── THE DATA
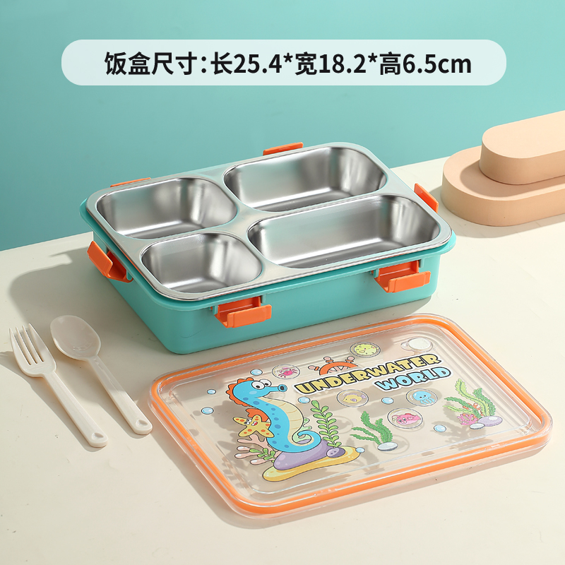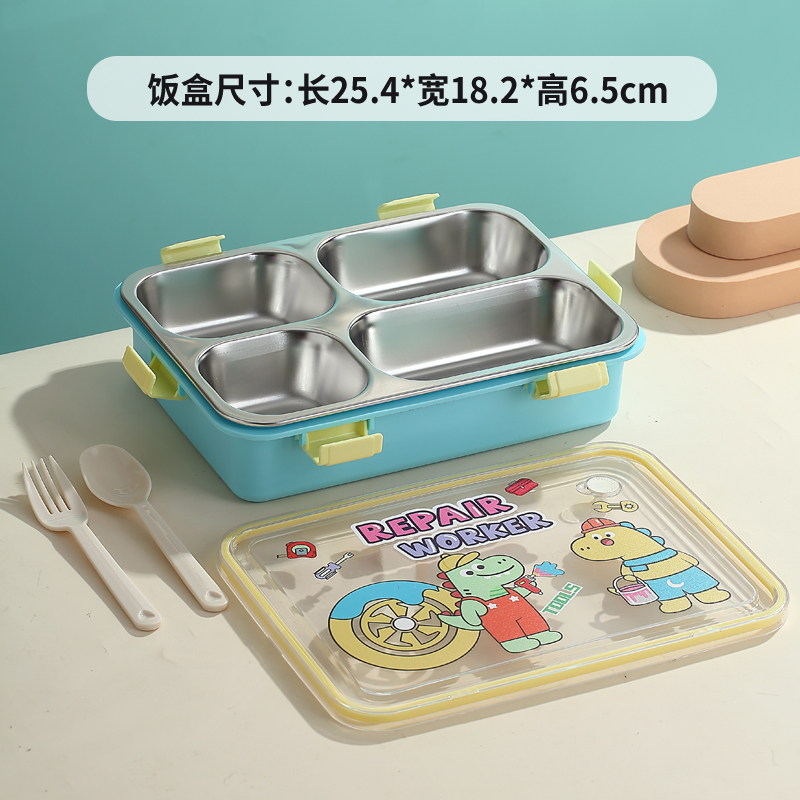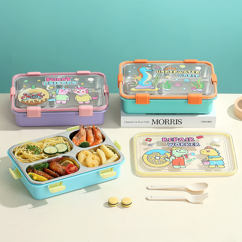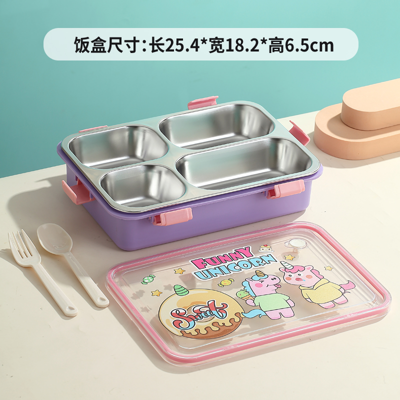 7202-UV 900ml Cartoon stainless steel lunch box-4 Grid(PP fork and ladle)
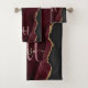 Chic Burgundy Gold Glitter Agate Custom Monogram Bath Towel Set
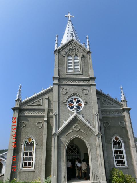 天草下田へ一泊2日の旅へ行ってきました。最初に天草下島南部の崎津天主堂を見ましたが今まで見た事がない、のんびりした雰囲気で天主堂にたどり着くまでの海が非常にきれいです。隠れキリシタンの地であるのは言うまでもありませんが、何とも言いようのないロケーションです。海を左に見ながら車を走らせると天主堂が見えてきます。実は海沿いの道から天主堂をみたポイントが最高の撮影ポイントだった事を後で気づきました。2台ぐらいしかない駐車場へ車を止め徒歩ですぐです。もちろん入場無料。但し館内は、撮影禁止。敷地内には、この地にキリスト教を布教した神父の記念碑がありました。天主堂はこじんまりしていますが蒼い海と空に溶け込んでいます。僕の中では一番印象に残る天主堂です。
────
── THE DATA
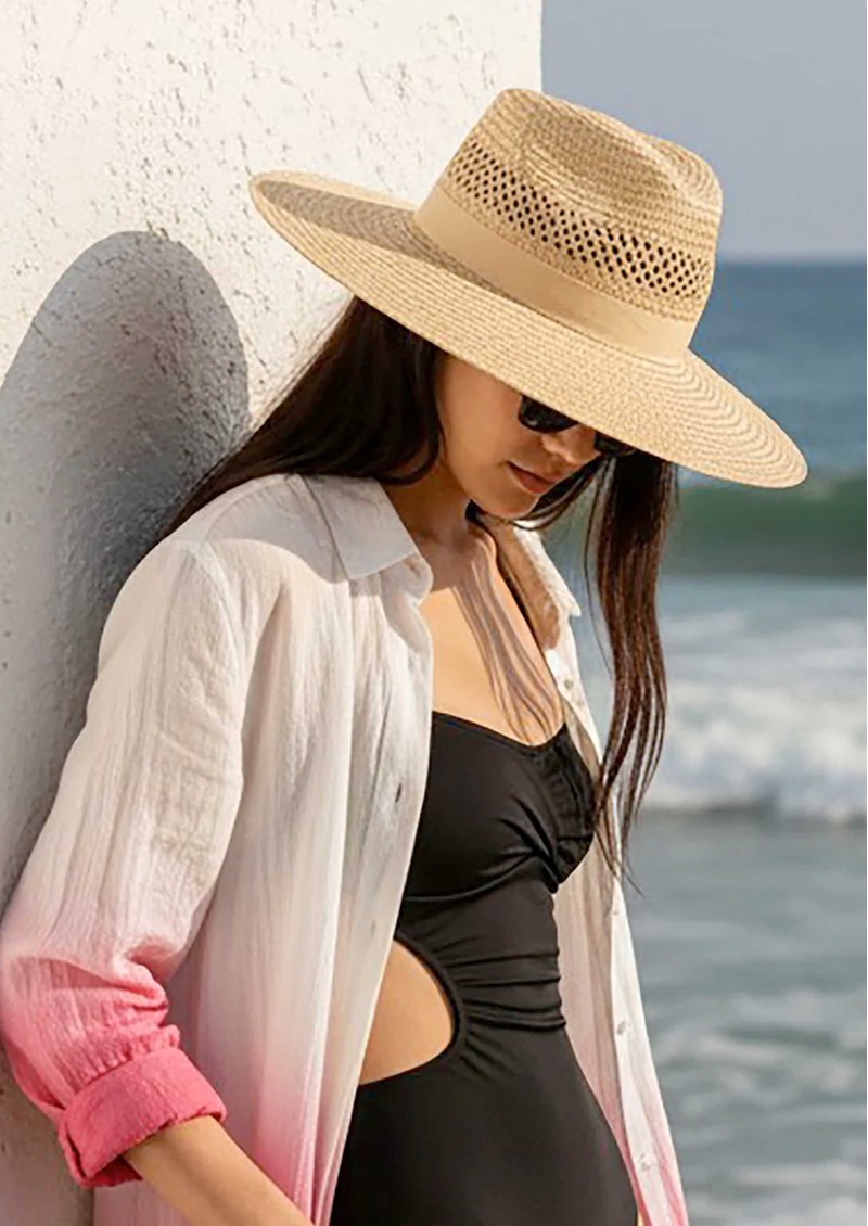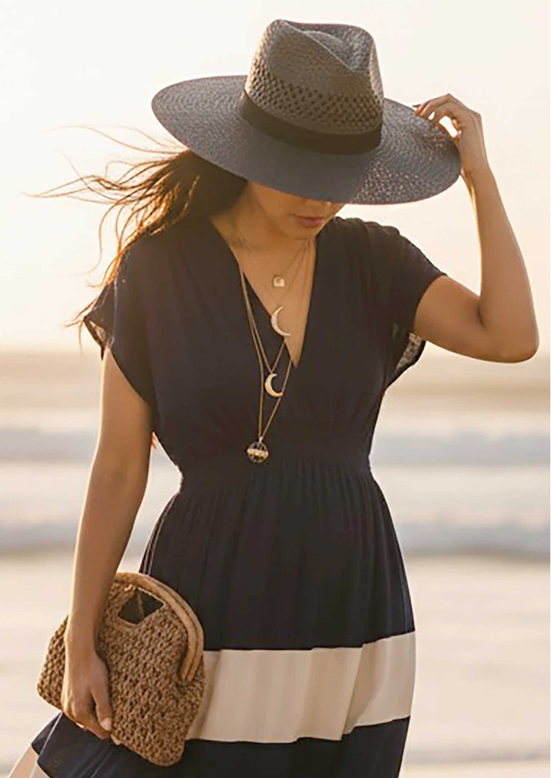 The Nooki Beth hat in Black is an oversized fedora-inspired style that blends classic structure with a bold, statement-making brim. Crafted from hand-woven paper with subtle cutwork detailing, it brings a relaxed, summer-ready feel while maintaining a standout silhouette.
────
EXERCISE
Repeat the lines above exactly, beginning with the one containing "7202-UV 900ml Cartoon" and finishing with the one containing "天草下田へ一泊2日の旅へ行っ". No pictures belong in the copy.

OUTPUT OF THE TASK
 7202-UV 900ml Cartoon stainless steel lunch box-4 Grid(PP fork and ladle)
 Chic Burgundy Gold Glitter Agate Custom Monogram Bath Towel Set
 天草下田へ一泊2日の旅へ行ってきました。最初に天草下島南部の崎津天主堂を見ましたが今まで見た事がない、のんびりした雰囲気で天主堂にたどり着くまでの海が非常にきれいです。隠れキリシタンの地であるのは言うまでもありませんが、何とも言いようのないロケーションです。海を左に見ながら車を走らせると天主堂が見えてきます。実は海沿いの道から天主堂をみたポイントが最高の撮影ポイントだった事を後で気づきました。2台ぐらいしかない駐車場へ車を止め徒歩ですぐです。もちろん入場無料。但し館内は、撮影禁止。敷地内には、この地にキリスト教を布教した神父の記念碑がありました。天主堂はこじんまりしていますが蒼い海と空に溶け込んでいます。僕の中では一番印象に残る天主堂です。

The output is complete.